**WHAT TO PRODUCE:**
Print the records below exactly, from the line containing "The result is" down to the line containing "Pierwszą wspólną wystawę", both lines included, and omit every picture.

= = = = =

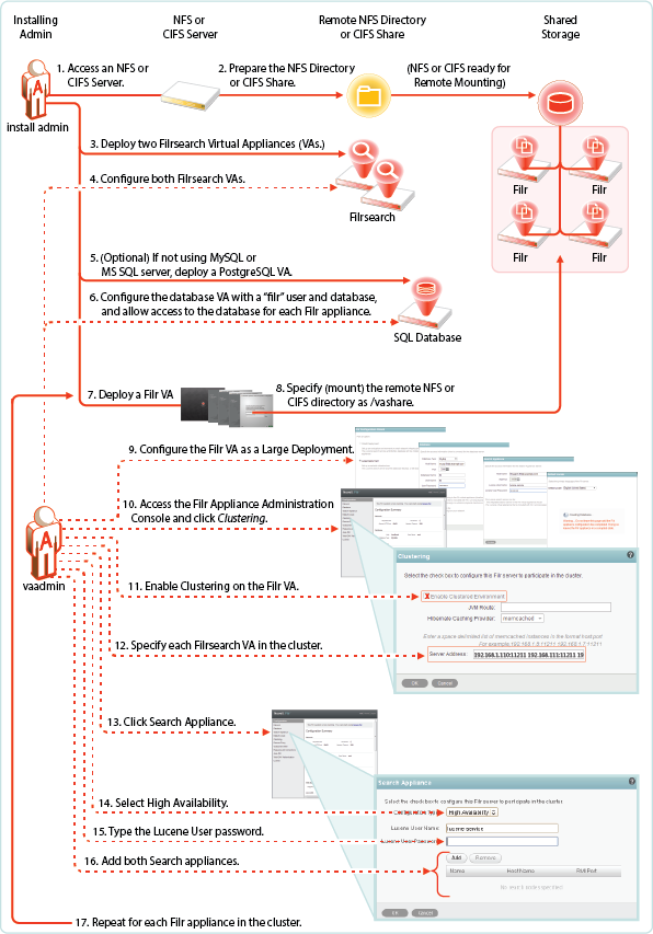 Filr clustering involves two or more Filr VAs sharing the same NFS or CIFS data storage location (/vashare). You can only create a cluster if your Filr appliances were deployed pointing to the same /vashare disk.
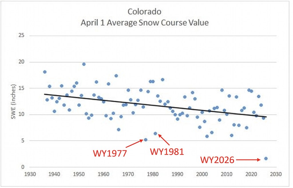 The result is clear: Even though precipitation accumulation wasn’t terribly far below normal, the snowpack was. The April 1 snowpack across Colorado was at a record low level, according to this year’s snow course, which is done by manual measurement and so goes back much farther than SNOTEL measurements.
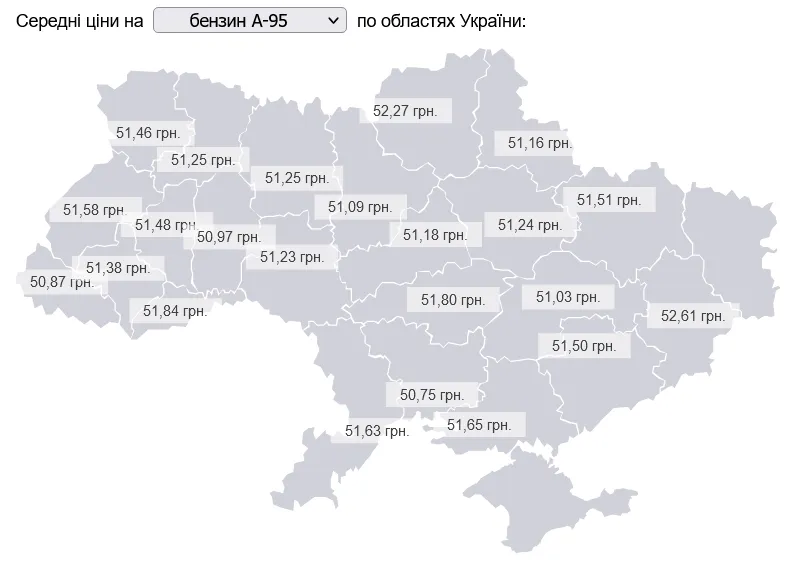 У регіонах бензин А-95 продають по 50,75-52,61 грн/л. Тобто, різниця між "найдорожчим" і "найдешевим" складає майже 1,9 грн/л.
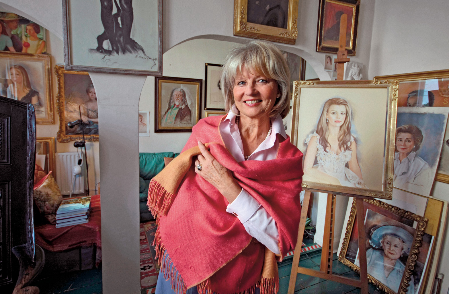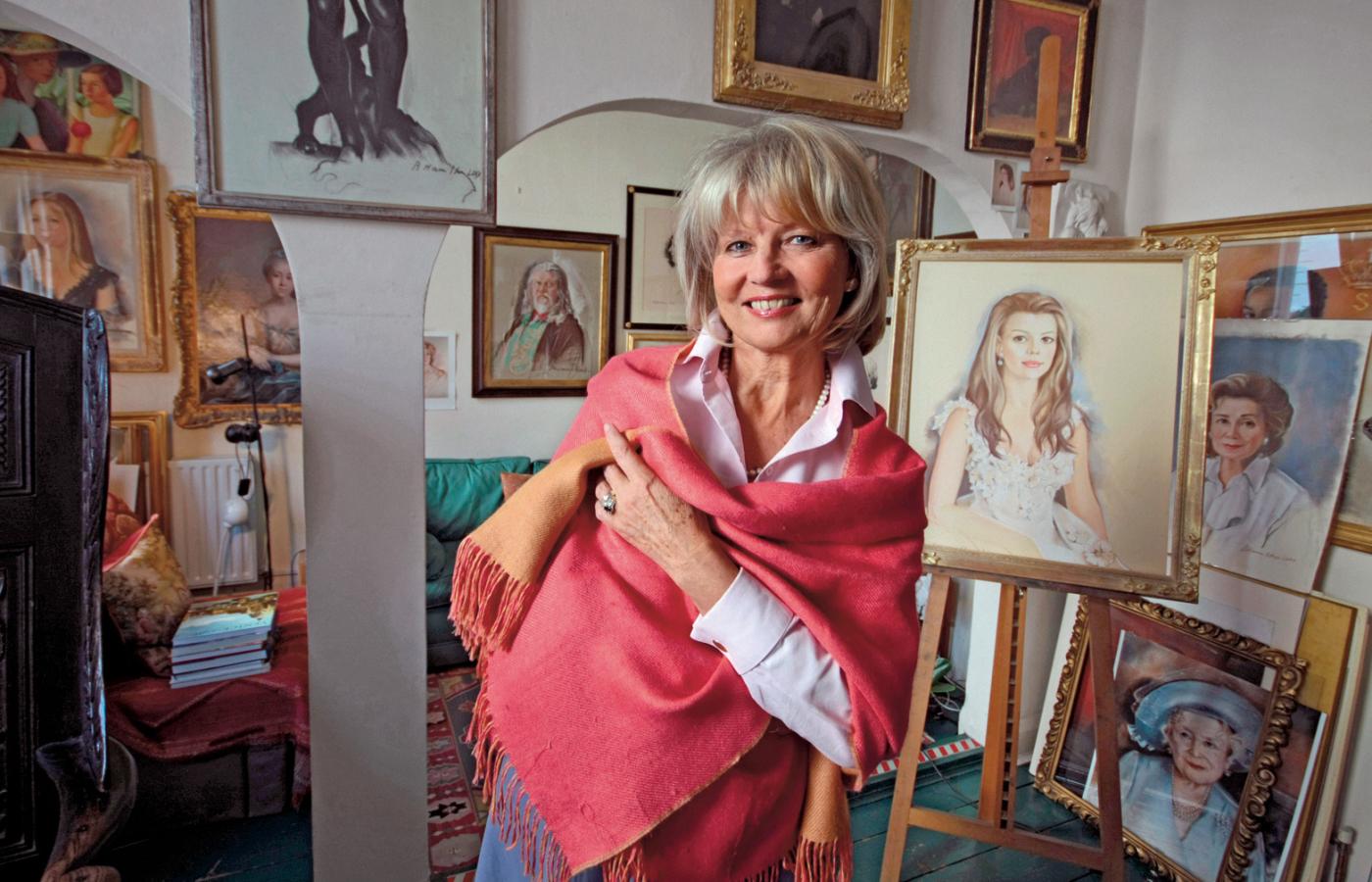 Pierwszą wspólną wystawę zorganizowałyśmy z przyjaciółką w rzymskiej galerii niedaleko Colosseum. Pokazałam same abstrakcje i jeden autoportret z abstrakcyjnym tłem. Na wernisażu wszyscy zbiegli się wokół portretu, pytając: jeśli umiesz tak malować, dlaczego tracisz czas na abstrakcje? Posypały się zamówienia. Bardzo ważnym momentem w moim życiu była wystawa na słynnej via Margutta w Rzymie. Jeden obraz wyróżniał się z całej reszty – portret przystojnego księcia Raymondo Orsiniego, którego poznałam na nartach w Austrii. Nie wiedziałam wtedy, że był popularną osobą w Rzymie. Na wernisażu publiczność zgromadziła się wokół tego portretu. Zrozumiałam, że ważna jest nie tylko jakość obrazu, ale też kogo się maluje. I że widzowie lubią osoby znane, bo mogą łatwiej ocenić podobieństwo, czyli mój warsztat. Potem przyjechałam do Anglii. Już wiedziałam, że będę się mogła utrzymać z malowania portretów na zamówienie. Ale żeby tu mieszkać, musiałam mieć pozwolenie na pobyt. Zostałam Brytyjką, bo wyszłam za mąż za Anglika.
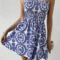 Women’s Navy Blue & White Paisley Print Smocked Off-Shoulder Dress
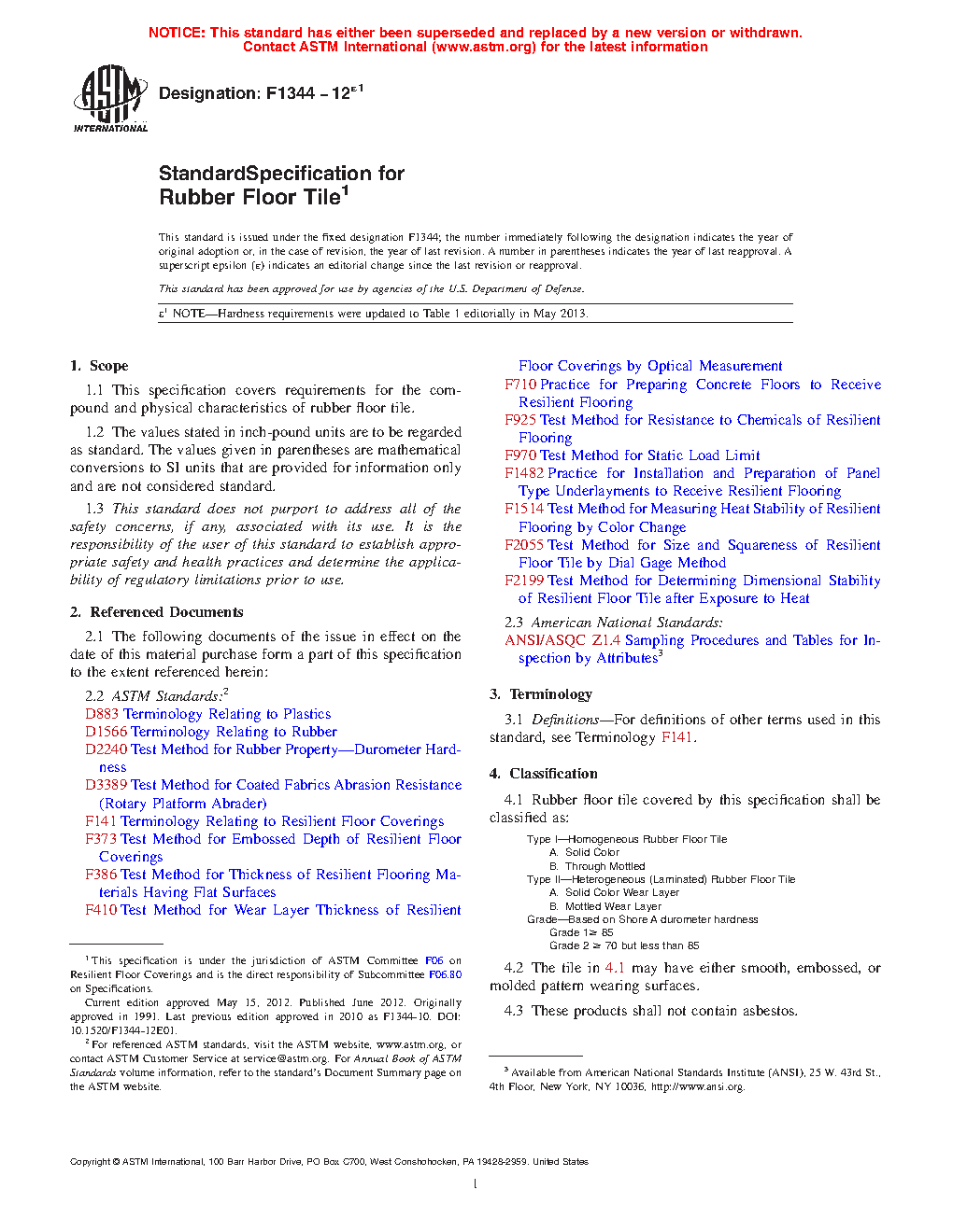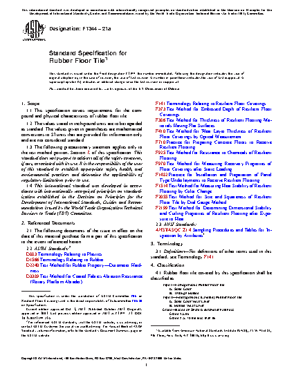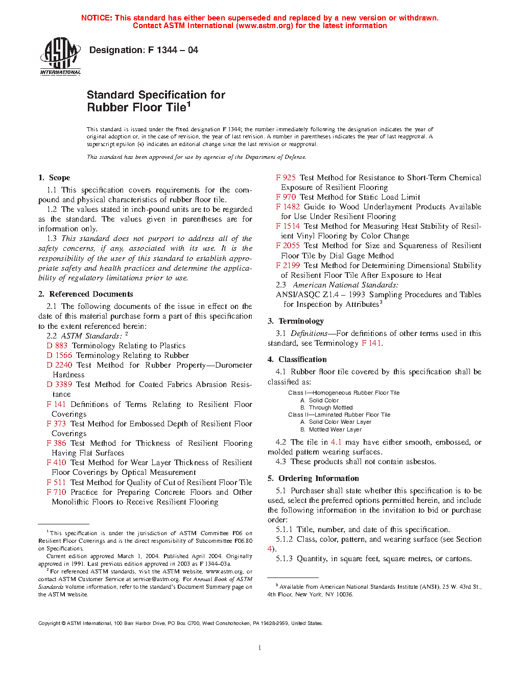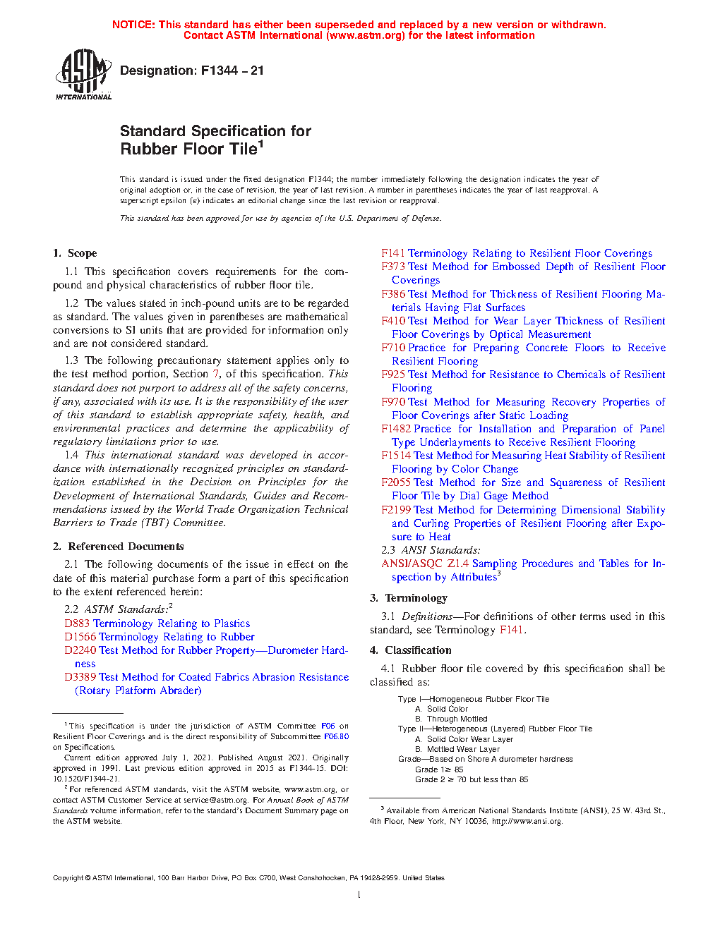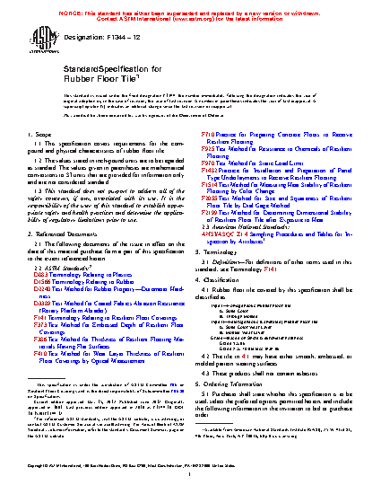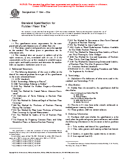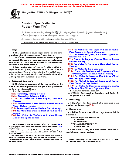 This specification covers requirements for the compound and physical characteristics of rubber floor tile. The polymeric binder of the rubber floor tile shall have been vulcanized such that it becomes thermoset. The rubber floor tile made from this compound shall be resistant to neutral pH cleaners. For homogeneous rubber floor tile, the surface coloring or mottling shall be uniform throughout the entire thickness of the rubber floor tile. For layered rubber floor tile, the surface color or mottling need not extend through the entire thickness of the rubber floor tile, but must extend throughout the entire thickness of the wear layer. The material shall be tested for heat resistance, abrasion resistance, dimensional stability, and light resistance.
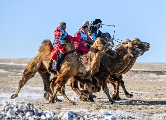茫茫草原能賽馬,茫茫沙漠就能賽駱駝。2023年底在阿拉善右旗舉行的阿拉善萬(wàn)峰駝那達(dá)慕大會(huì)上,設(shè)置了駱駝短距離速度賽、長(zhǎng)距離耐力賽、接力賽等,還有駝球表演賽。按照當(dāng)?shù)啬撩竦恼f(shuō)法,賽駱駝就得在冬天,因?yàn)槎斓鸟橊勛钇痢?/p>
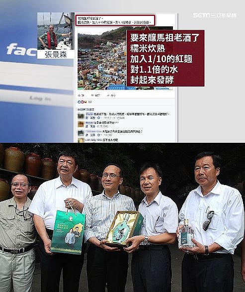 上圖:張景森在臉書PO文比照民間家戶自釀馬祖老酒自飲。(圖:截圖三立新聞);下圖:政務委員兼福建省主席張景森(左1)今年8月13日陪同閣揆林全到馬祖訪問,參觀八八坑道儲酒區。(圖:馬祖日報資料照片)
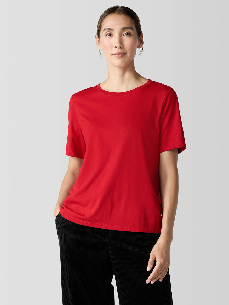 Elevate your wardrobe with our Red Basic Shirt. Crafted from 100% cotton, this shirt boasts a round neckline and short sleeves for effortless style. Comfortable and versatile, it's perfect for any occasion. Upgrade your basics and make a statement in luxury with this must-have piece.
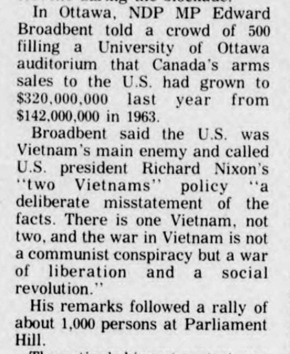 But it was in the 1960s that Ed Broadbent’s ideas about the world really began to take shape. This, after all, was the decade of Paris ‘68, of the New Left, the civil rights movement; of growing global protests against the American war in Vietnam; and, here in Canada, of the Bomarc Missile Crisis, the Waffle, and the Quiet Revolution. And Ed — who in those days sported a leather jacket, drove a motorcycle, and was described in 1967 by one student journalist as a “button-wearing Vietnik” — fit right in. Helping to organize protests against the war in Vietnam while a professor of political science at York, he soon carried his antiwar activism into Parliament. As a keynote speaker at Ottawa’s 1969 Moratorium Day protest, Ed had harsh words for US president Richard Nixon, remarking “[That] the main enemy of the people of Vietnam” was not a communist conspiracy but the military superpower to the south of us.”

= = = = =

**SOLVED PROBLEM:**
 The result is clear: Even though precipitation accumulation wasn’t terribly far below normal, the snowpack was. The April 1 snowpack across Colorado was at a record low level, according to this year’s snow course, which is done by manual measurement and so goes back much farther than SNOTEL measurements.
 У регіонах бензин А-95 продають по 50,75-52,61 грн/л. Тобто, різниця між "найдорожчим" і "найдешевим" складає майже 1,9 грн/л.
 Pierwszą wspólną wystawę zorganizowałyśmy z przyjaciółką w rzymskiej galerii niedaleko Colosseum. Pokazałam same abstrakcje i jeden autoportret z abstrakcyjnym tłem. Na wernisażu wszyscy zbiegli się wokół portretu, pytając: jeśli umiesz tak malować, dlaczego tracisz czas na abstrakcje? Posypały się zamówienia. Bardzo ważnym momentem w moim życiu była wystawa na słynnej via Margutta w Rzymie. Jeden obraz wyróżniał się z całej reszty – portret przystojnego księcia Raymondo Orsiniego, którego poznałam na nartach w Austrii. Nie wiedziałam wtedy, że był popularną osobą w Rzymie. Na wernisażu publiczność zgromadziła się wokół tego portretu. Zrozumiałam, że ważna jest nie tylko jakość obrazu, ale też kogo się maluje. I że widzowie lubią osoby znane, bo mogą łatwiej ocenić podobieństwo, czyli mój warsztat. Potem przyjechałam do Anglii. Już wiedziałam, że będę się mogła utrzymać z malowania portretów na zamówienie. Ale żeby tu mieszkać, musiałam mieć pozwolenie na pobyt. Zostałam Brytyjką, bo wyszłam za mąż za Anglika.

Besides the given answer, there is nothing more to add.